Monday, September 27, 2010

AUSTRALIA: MACKILLOP EXCOMMUNICATED FOR REPORTING ABUSE


Cath News report: Mary MacKillop's excommunication resulted from her reporting child abuse by a priest - against whom disciplinary action was taken, according to a documentary to e shown on the ABC's Compass program. Another grudging priest angered by the incident reportedly worked to throw her out of the church.
Various news media have picked up the information presented in a new ABC 1 documentary, scheduled for airing on Compass on October 10, on the nun's life. An AAP report in Sydney Morning Herald said previous theories surrounding the excommunication have been vague.

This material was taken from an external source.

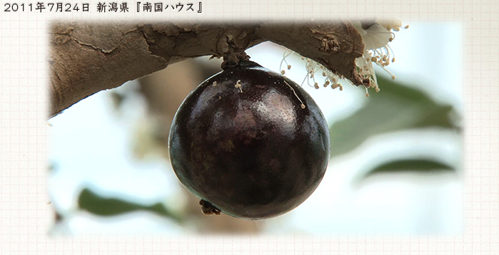 - 木の幹に直接、白い花が咲き、その後、大きさ・色・味ともに巨峰によく似た実がなる。
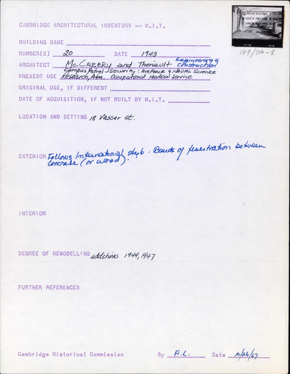18 Vassar St - MIT Bldg 20 - Architectural Inventory Form

In response to the claims, the Sisters of St Joseph said in a statement: "Mary MacKillop's excommunication from the church, for a period of five months from September 1871, is an event that has been comprehensively documented.
"There were several factors that led to this painful period for Mary and the sisters. The reasons for Mary's excommunication have been written about and commented on in the public domain since that time. This is consistent with the information contained in the Compass program."
The ABC's Compass program says Bishop Laurence Sheil ordered the punishment after Mary MacKillop reported child abuse by Father Keating from the Kapunda parish, north of Adelaide, according to the AAP report.
Blessed MacKillop and the Josephite sisters reported the abuse to the vicar-general and disciplinary action was taken against Keating, humiliating him and angering a Father Charles Horan, who was close to Bishop Shiel.
Horan is believed to have harboured a grudge against MacKillop and the whistleblowers in her order, and used his influence over the bishop to manipulate him into throwing the nun out of the church.
Bishop Sheil revoked the punishment on his death bed some five months later, according to official accounts.
According to ABC's AM program on the weekend, Father Paul Gardiner - the man who's led the charge for sainthood - said the excommunication was more "a nasty footnote".
"It's a sort of a footnote; it's a nasty footnote to a heroic story, and I don't think media people should take it as though it's the main story, particularly since they've got a lot of closer, modern scandals occurring in the Catholic Church to concentrate on. Why tarnish the occasion of Mary's canonisation with this miserable bit of scandal."